Problem: The reply must contain exactly the lines below from the one with "Smith-Schuster retaliated, trying" down to the one with "In this study, we", both included, and nothing more; please omit the pictures.

Exercise materials:
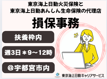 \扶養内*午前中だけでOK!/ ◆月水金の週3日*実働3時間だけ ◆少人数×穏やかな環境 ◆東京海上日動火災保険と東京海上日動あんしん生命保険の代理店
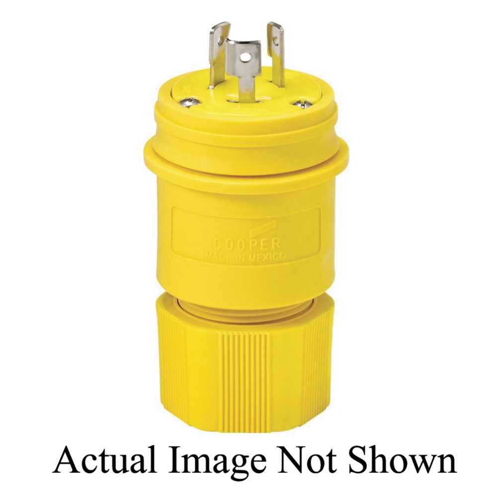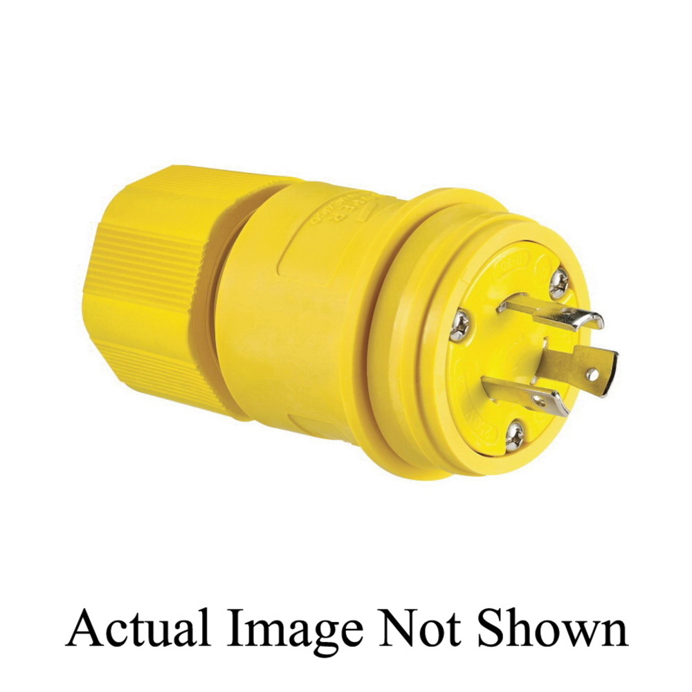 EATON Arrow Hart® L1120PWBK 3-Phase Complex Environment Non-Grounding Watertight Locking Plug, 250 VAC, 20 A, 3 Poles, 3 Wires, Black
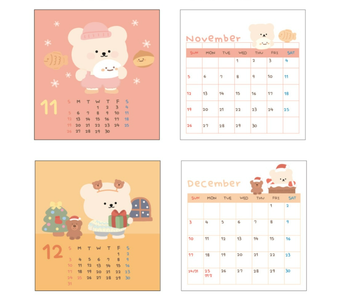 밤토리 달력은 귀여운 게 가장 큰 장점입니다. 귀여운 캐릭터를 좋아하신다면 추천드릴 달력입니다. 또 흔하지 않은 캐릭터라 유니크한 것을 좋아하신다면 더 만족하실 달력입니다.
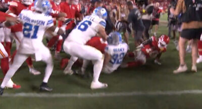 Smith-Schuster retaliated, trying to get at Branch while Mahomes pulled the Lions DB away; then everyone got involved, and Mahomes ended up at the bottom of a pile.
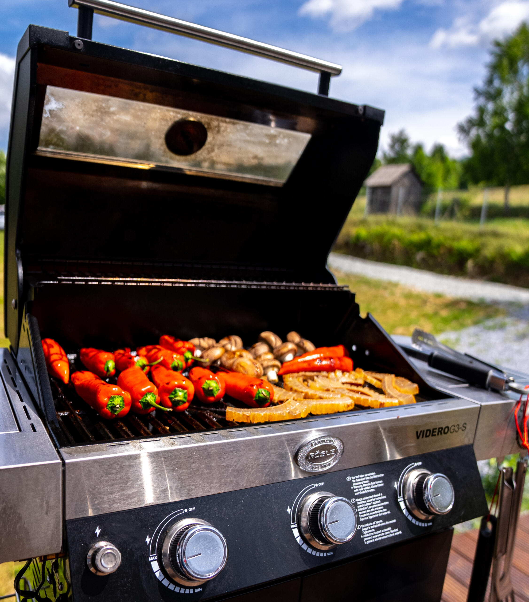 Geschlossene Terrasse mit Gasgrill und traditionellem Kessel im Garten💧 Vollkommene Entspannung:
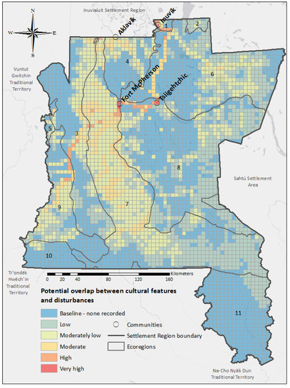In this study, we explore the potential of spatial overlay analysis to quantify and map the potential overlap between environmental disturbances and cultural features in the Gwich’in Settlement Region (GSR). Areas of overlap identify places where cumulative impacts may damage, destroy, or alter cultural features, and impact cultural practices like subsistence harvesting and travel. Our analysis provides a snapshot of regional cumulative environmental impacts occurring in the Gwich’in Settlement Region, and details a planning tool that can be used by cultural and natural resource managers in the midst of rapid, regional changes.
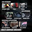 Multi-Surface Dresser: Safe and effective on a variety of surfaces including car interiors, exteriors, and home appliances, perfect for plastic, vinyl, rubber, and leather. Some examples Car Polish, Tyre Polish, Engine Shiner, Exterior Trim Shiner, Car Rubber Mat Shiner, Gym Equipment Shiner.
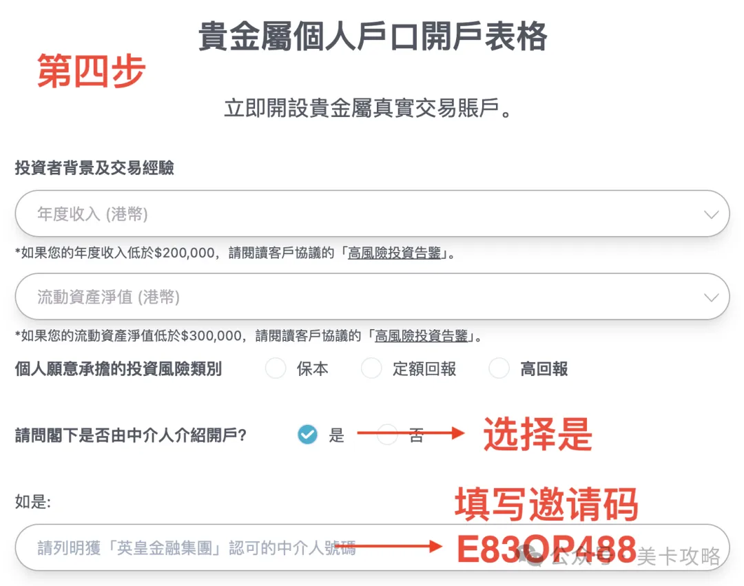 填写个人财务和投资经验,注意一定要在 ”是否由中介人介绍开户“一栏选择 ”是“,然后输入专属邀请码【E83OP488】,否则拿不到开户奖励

Finished exercise:
 Smith-Schuster retaliated, trying to get at Branch while Mahomes pulled the Lions DB away; then everyone got involved, and Mahomes ended up at the bottom of a pile.
 Geschlossene Terrasse mit Gasgrill und traditionellem Kessel im Garten💧 Vollkommene Entspannung:
In this study, we explore the potential of spatial overlay analysis to quantify and map the potential overlap between environmental disturbances and cultural features in the Gwich’in Settlement Region (GSR). Areas of overlap identify places where cumulative impacts may damage, destroy, or alter cultural features, and impact cultural practices like subsistence harvesting and travel. Our analysis provides a snapshot of regional cumulative environmental impacts occurring in the Gwich’in Settlement Region, and details a planning tool that can be used by cultural and natural resource managers in the midst of rapid, regional changes.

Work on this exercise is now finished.